Am Ende der Lehrzeit einer/eines Druckerin/ Druckers findet die Gautschfeier statt, deren Höhepunkt die Wassertaufe ist. Dabei werden die Lehrlinge (Kornuten) gepackt und in einen Wasserbottich getaucht, um sie von ihren „Sünden“ (der Lehrzeit) reinzuwaschen. Anschließend erfolgt der Freispruch und damit die Aufnahme in den Stand der Gesell*innen. Zur Bestätigung sich dieser Zeremonie unterzogen zu haben, erhalten die „Gäutschlinge“ einen kunstvoll gestalteten Gautschbrief.

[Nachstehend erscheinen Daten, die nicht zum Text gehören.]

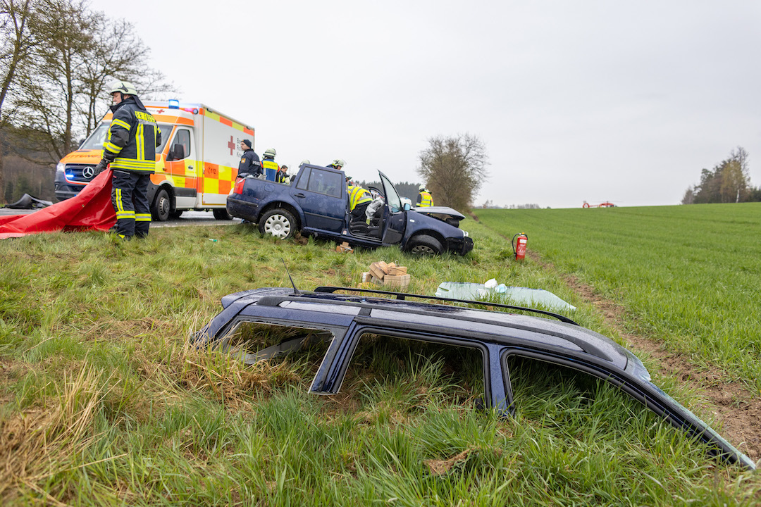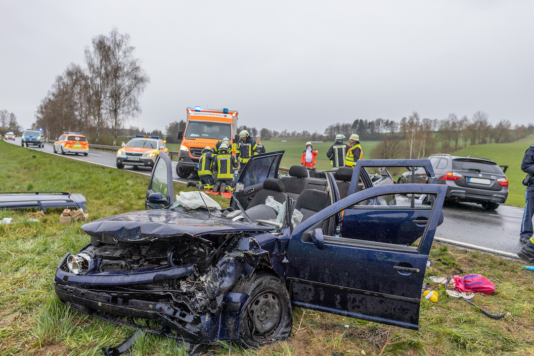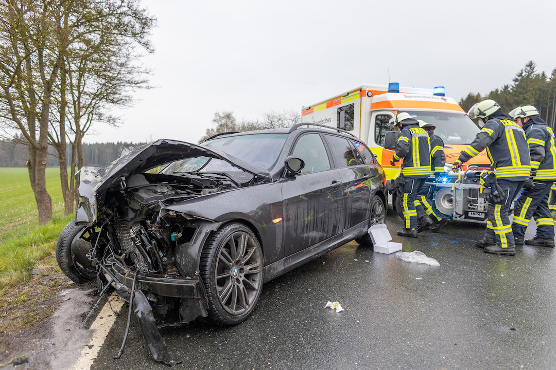 Schwerer Verkehrsunfall am Dienstagnachmittag auf der Staatsstraße 2172 zwischen Plößberg und Püchersreuth. Nach ersten Angaben der Polizei überholte gegen 15 Uhr ein Autofahrer aus dem Landkreis Tirschenreuth, der von Wildenau Richtung Neustadt/WN unterwegs war, mit seinem BMW einen Holzlaster. Dabei übersah er einen entgegenkommenden VW Golf. Es kam zum Frontalcrash.

Das Gautschen (die Gautsch), ein Berufsbrauch der Buchdrucker*innen und Schriftsetzer*innen, geht auf zünftische Initiationsrituale zurück. Bereits im 15. Jahrhundert unter Friedrich III. wurde das Gautschen dokumentiert. Der Begriff "Gautschen" ist angelehnt an einen Vorgang bei der Papierherstellung, sowie dem Anfeuchten der Druckbogen zur Urzeit des Buchdrucks.

Für das Gautschen sind mehrere Personen in unterschiedlichen Rollen notwendig: eine*n Gautschmeister*in, welche den Ablauf bestimmt und die ihm/ihr zur Seite gestellten Packer*innen, die sich aus den bereits gegautschten Gesellen*innen des Betriebes rekrutieren und für den/die Gautschmeister*in das „Grobe“ erledigen. Der/die Schwammhalter*in taucht die Lehrlinge ein und braucht zur Ausübung des Amtes zwei Schwämme und einen Kübel mit Wasser. Der Anführgspan oder Faktor (Ausbildner*in) fungiert als Zeuge/Zeugin. 

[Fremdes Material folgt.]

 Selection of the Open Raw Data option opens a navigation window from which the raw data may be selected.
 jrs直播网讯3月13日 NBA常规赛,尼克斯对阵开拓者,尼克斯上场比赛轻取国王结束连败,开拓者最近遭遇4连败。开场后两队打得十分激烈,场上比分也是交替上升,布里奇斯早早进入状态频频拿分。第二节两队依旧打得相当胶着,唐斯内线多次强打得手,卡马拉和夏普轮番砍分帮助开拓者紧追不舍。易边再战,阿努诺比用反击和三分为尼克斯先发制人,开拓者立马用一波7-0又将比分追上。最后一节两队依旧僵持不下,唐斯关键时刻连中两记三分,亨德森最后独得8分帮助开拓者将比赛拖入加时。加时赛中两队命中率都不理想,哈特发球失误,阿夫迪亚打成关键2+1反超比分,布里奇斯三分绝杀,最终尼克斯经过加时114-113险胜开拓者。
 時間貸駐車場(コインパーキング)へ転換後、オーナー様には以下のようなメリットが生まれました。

Der Ablauf für die Kornuten (Lehrlinge) am Ende der Lehrzeit beginnt mit dem Kommando „Packt an!“ durch den/die Gautschmeister*in, nach welchem die Lehrlinge von den Packer*innen nacheinander in ein Wasserbehältnis geworfen, auf einen feuchten Schwamm gesetzt oder mit einem Eimer Wasser übergossen werden, wogegen sie sich ursprünglich mit allen Kräften zur Wehr setzen sollten. Dabei hält der/die Gautschmeister*in jeweils eine Ansprache, während sie von dem/der Schwammhalter*in von ihren Sünden „reingewaschen“ werden. Am Ende jeder Zeremonie erhalten die Gesell*innen einen Gautschbrief, der  heute ein wichtiges, historisches Bindeglied und Zugehörigkeitssymbol zu einer Berufsgruppe repräsentiert.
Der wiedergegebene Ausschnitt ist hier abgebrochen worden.